Faulty rental estimate skews US inflation data
‘Who are you going to believe, me, or your own eyes?’
“Who are you going to believe, me, or your own eyes?,” Groucho Marx once asked, and the same question is implicit in this morning’s release of closely-watched US consumer price data. The official data just don’t correspond to actual observations on the ground.
A jump in the reported cost of shelter pushed monthly core inflation up to 1.8% year-on-year vs. a prior level of 1.7% year-on-year, higher than the forecasters’ consensus anticipated. The small difference in numbers is actually a big difference, because the Federal Reserve has said that core inflation (excluding volatile food and energy prices) above 2% would motivate additional tightening.

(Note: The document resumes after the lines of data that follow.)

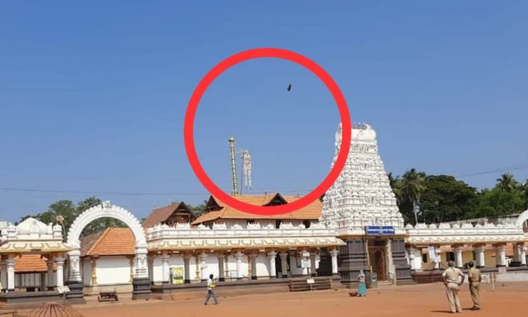 ಈ ಸಂದರ್ಭದಲ್ಲಿ ಗರುಡ ಧ್ವಜಸ್ಥಂಬಕ್ಕೆ ಪ್ರದಕ್ಷಿಣೆ ಮಾಡಿದೆ. ಈಗ ಆ ಪೋಟೋ ಸಾಮಾಜಿಕ ಜಾಲತಾಣದಲ್ಲಿ ವೈರಲ್ ಆಗುತ್ತಿದೆ.
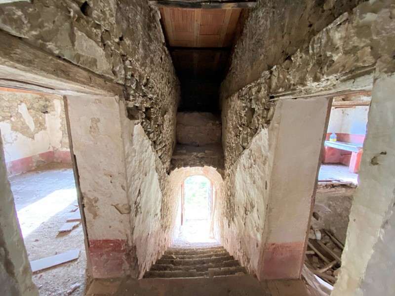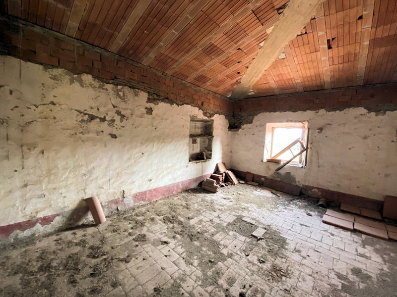 al piano primo, con accesso con scala interna, grande cucina con camino, sala pranzo, 3 camere matrimoniali, bagno.Il fabbricato è circondato da un appezzamento di terreno in corpo unico di circa 30 ettari di cui 5 seminativi, 1 di uliveto in produzione il resto pascolo e bosco ceduo.L accesso alla proprietà avviene mediante strada bianca di circa 1500 metri da ristrutturare, attualmente è percorribile solo con fuoristrada. Il visitatore si immerge completamente nel più classico dei paesaggi Toscani dove la campagna è ancora incontaminata con una vista panoramica mozzafiato.La dimora perfetta per chi ama la campagna e desidera vivere a contatto diretto con la natura, si può sviluppare una azienda agricola biologica, il clima gradevole nei mesi estivi,la vicinanza alla costa tirrenica,il pregio del luogo e la presenza di cittadine turisticamente importanti come Volterra, San Gimignano, Siena determinano la naturale vocazione turistica del territorio, dista 2 km dallantico borgo zona altamente vocata per cicloturismo e coltivazioni biologiche .
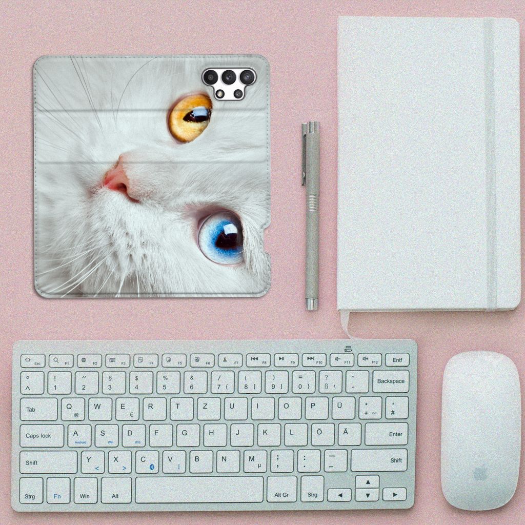 Witte katten zijn natuurlijk extra speciaal, vandaar we een exemplaar op een design hoesje hebben gezet. Een witte kat schijnt trouwens ook slechter te kunnen horen dan katten met een andere kleur. Deze witte kat staat op een zeer prominente wijze op een stand case. Deze stand case met witte kat ziet er geweldig uit en is voorzien van verschillende uitsparingen en een speciale standaard. Een Samsung Galaxy A32 4G | A32 5G Enterprise Editie Hoesje maken met witte kat beschermt jouw smartphone perfect. Alle zijden van de case zijn bedrukt. Jouw smartphone wordt erg duurzaam met dit design hoesje. Het TPU aan de binnenzijde is zeer flexibel en het pu-leer oogt chique. Verder heeft de case een houder voor bijvoorbeeld je rijbewijs aan de binnenkant.
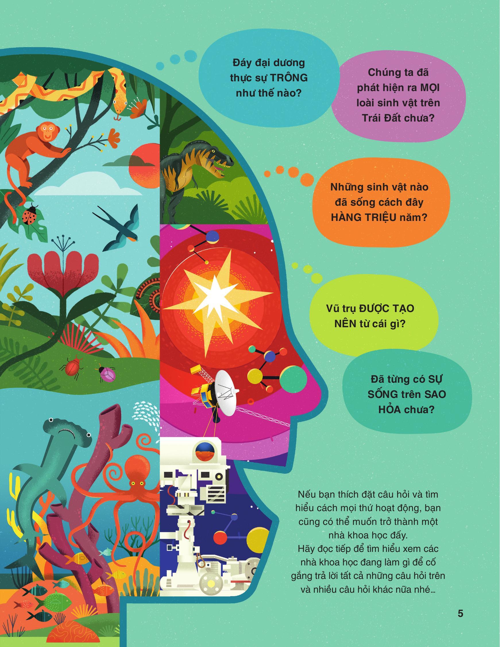 Qua bộ sách này sẽ giúp các bạn nhỏ nuôi dưỡng ước mơ, kích thích trí tò mò, quan sát thế giới xung quanh và đặt câu hỏi về cách thức hoạt động của nó. Bạn nhỏ sẽ biết liệu m.ình sẽ phù hợp với ngành khoa học nào nữa đấy!
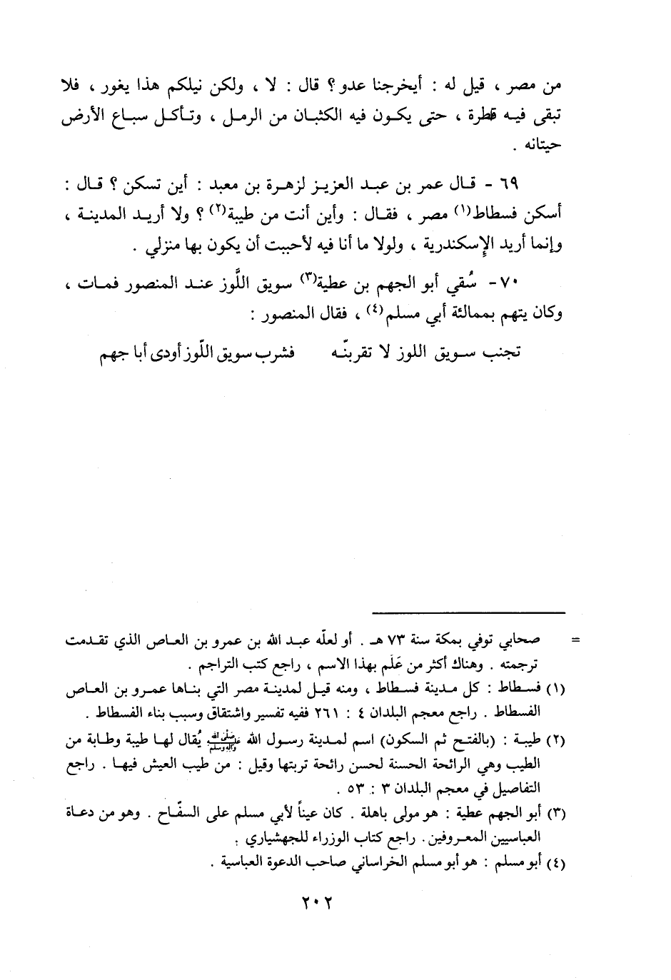 70- سقي أبو الجهم بن عطية «3» سويق اللّوز عند المنصور فمات، وكان يتهم بممالئة أبي مسلم «4» ، فقال المنصور:
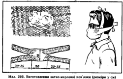 Ватно-марлева пов'язка (рис. 2) виготовляється із шматка марлі розміром 100x50 см. Його розстеляють на столі, посередині на площі 30x20 см кладуть шар вати завтовшки 1—2 см (якщо немає вати, то її замінюють марлею в 5—6 шарів). Вільний край марлі по довжині загинають з обох боків на вату, а на кінцях роблять розрізи (30—35 см).
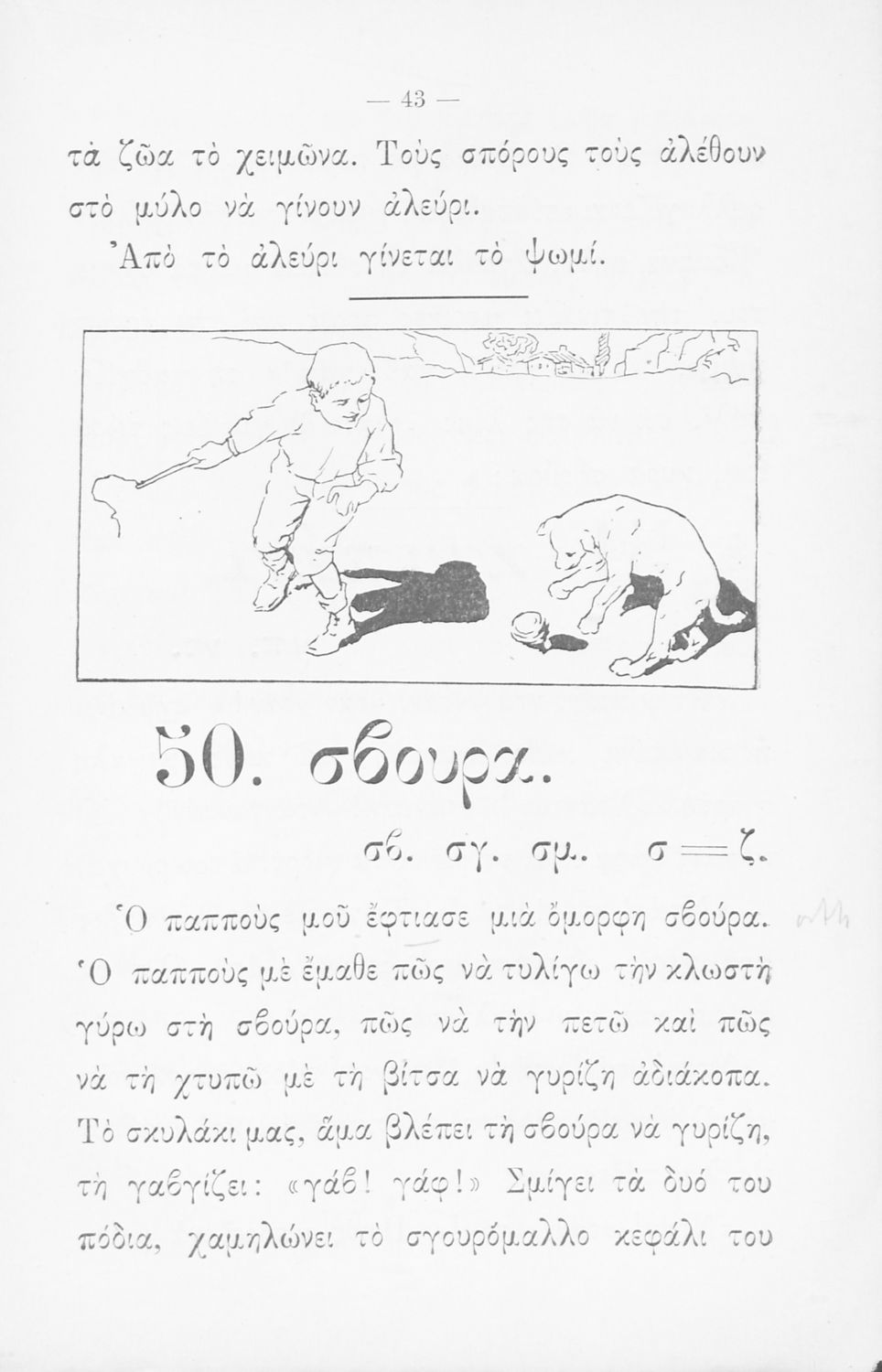 Αναγνωστικό Α΄ Δημοτικού που περιλαμβάνει την εκμάθηση του ελληνικού αλφάβητου, των πρώτων συλλαβών, λέξεων, φράσεων και μικρών παραγράφων. Η θεματολογία αντλείται από την ελληνική ύπαιθρο, την αγροτική ζωή και τον οικογενειακό περίγυρο.
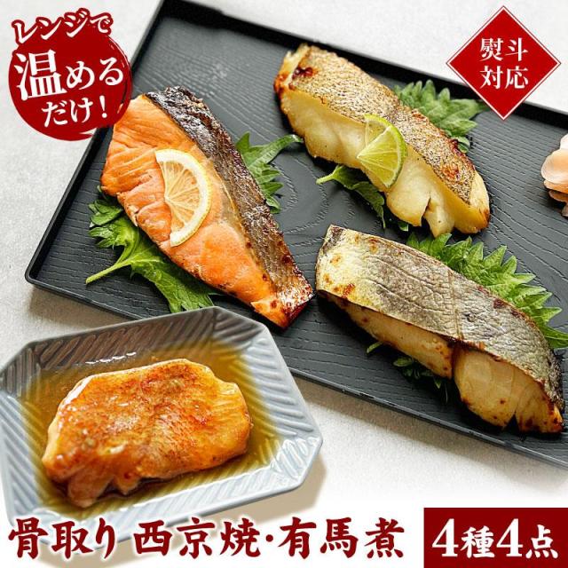 骨取り 切身 西京焼き&有馬煮4種4点 切り身 骨とり お歳暮 魚総菜 煮魚 焼魚 焼き魚 お惣菜 惣菜 おかず 総菜 一人暮らし レンジ 時短 調理済み 化粧箱 ギフト プレゼント
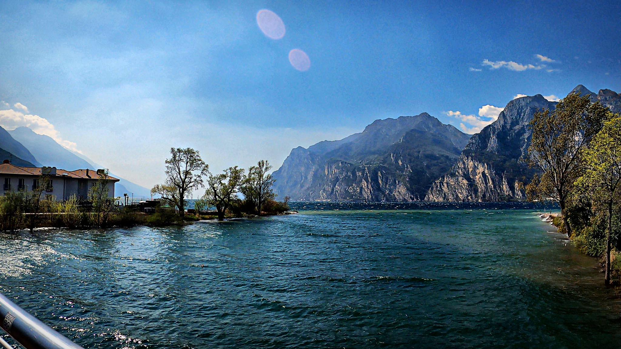 Ajungem pe malul lacului și ne lovește vijelia. Valuri mari, în unele locuri ieșite din lac. Trebuia să ocolim bălțile formate, pentru că apa ajunsese până pe alei. Vântul bătea din lateral, rece și turbat, dinspre apă. Mi-am dat seama că drumul spre Malcesine o să fie provocarea supremă. Mai ales prin tunelele lungi, unde curentul de aer făcea ca totul să pară că e tras cu aspiratorul.
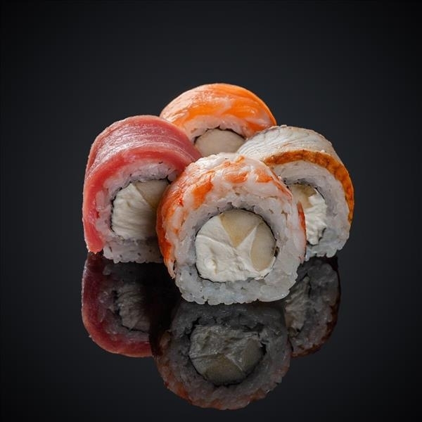 Состав: лосось, тунец, угорь, авокадо, сыр “Cremette”, нори, рис.
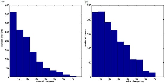 Histogram of response values for set of receptors with heptanoic (a) and decanoic (b) gating acids.
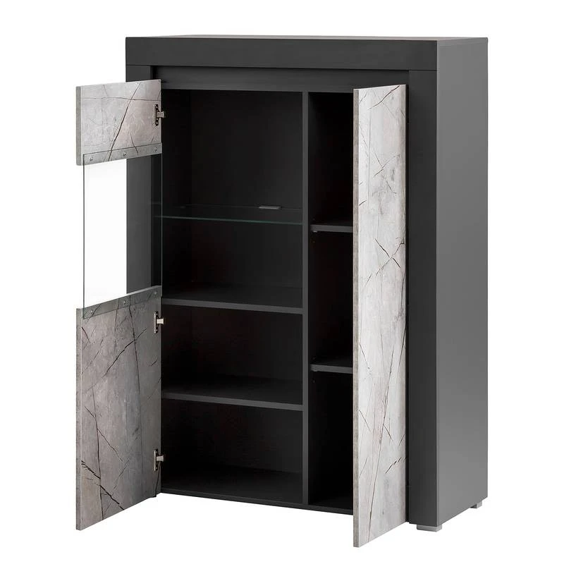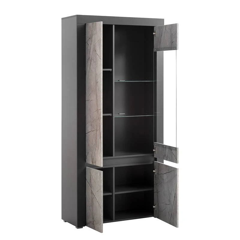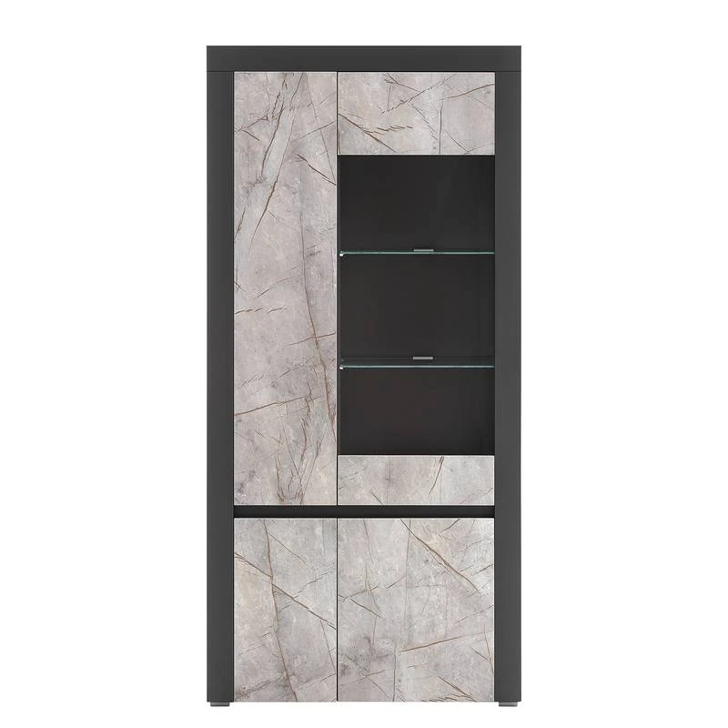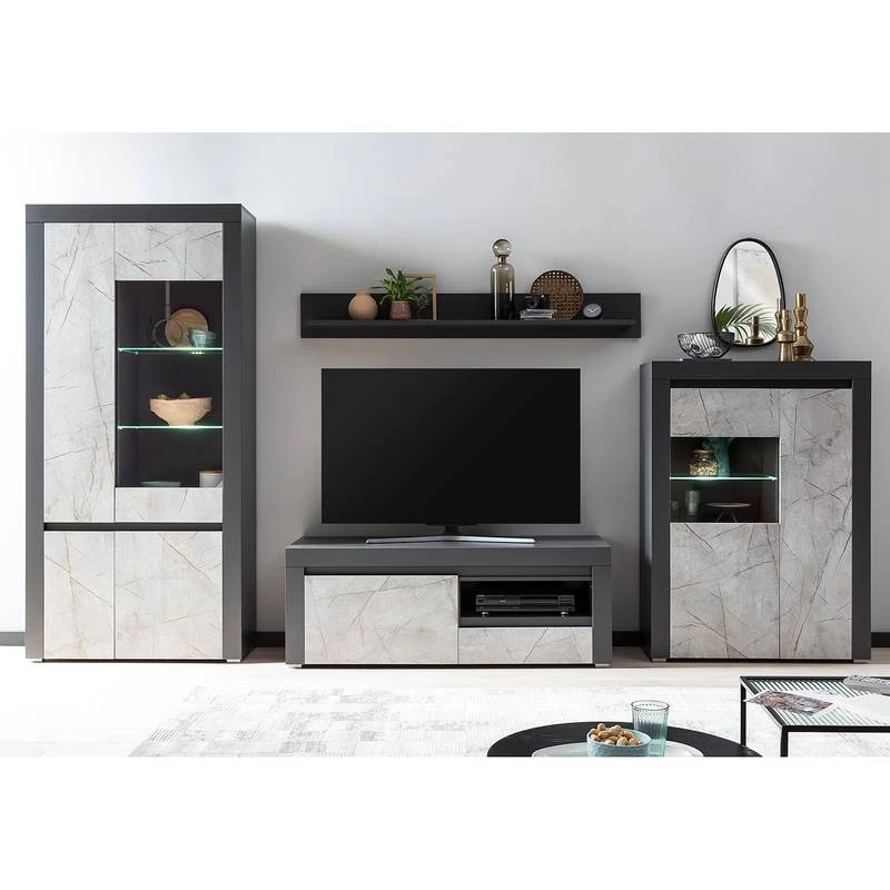 - Contenu de la livraison : Ensemble comprenant 1 vitrine, 1 tablette murale, 1 meuble TV et 1 buffet haut, sans éclairage ni accessoires
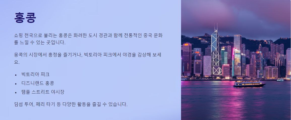 - 추천 관광지: 빅토리아 피크, 디즈니랜드 홍콩, 템플 스트리트 야시장
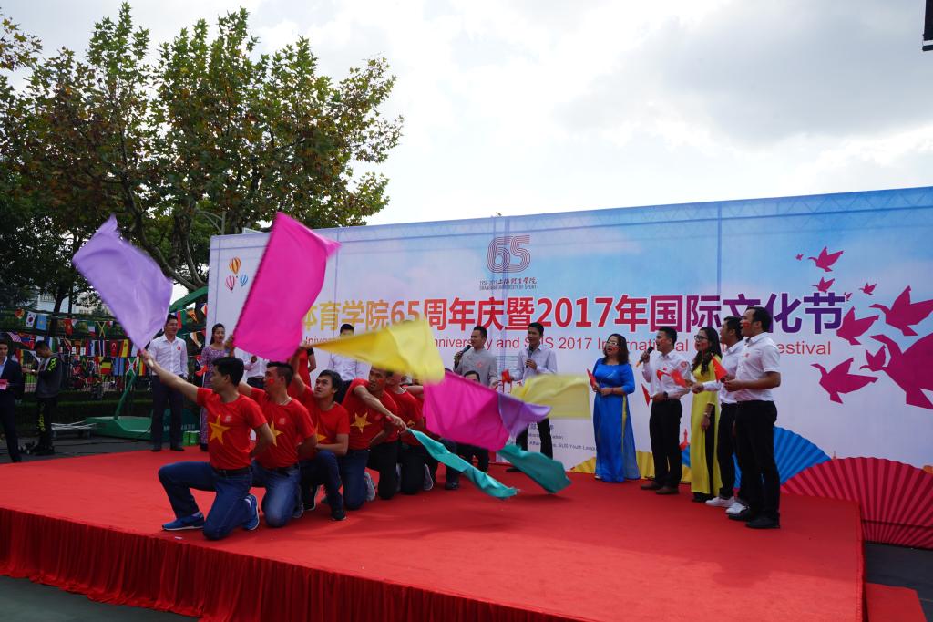 庆祝日当天,学校还举办了国际文化节、体育产业上海高峰论坛、“上体足迹”校园徒步活动等丰富多彩的活动。
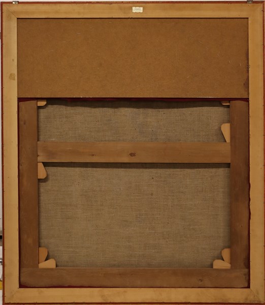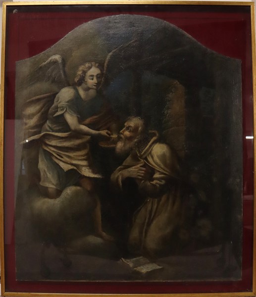 Ignoto, antico dipinto a olio su tela sagomata raffigurante la comunione di un santo (cm 105x90) entro una teca

Market reaction to the unexpectedly high number was muted. The 10-year Treasury yield rose by 4 basis points, somewhat less than what we would expect if inflation really were about to roar.
The decisive number in the inflation report is shelter, which makes up 34% of the total Consumer Price Index and more than 40% of the core index net of food and energy. The Bureau of Labor Statistics reported a 0.4% rise in December vs. a 0.2% rise in November, or an annual rate of just below 5%.
Eyes on the ground, though, see something entirely different. The largest US shelter website, Zillow, compiles its own national statistics on rents.
Evidently the BLS underestimated rental inflation during 2015, but overestimated it through most of 2016 and 2017—and by a very large margin.
Bond investors will need to see a few months’ more data before drawing conclusions from government data that deviate from private-sector observations.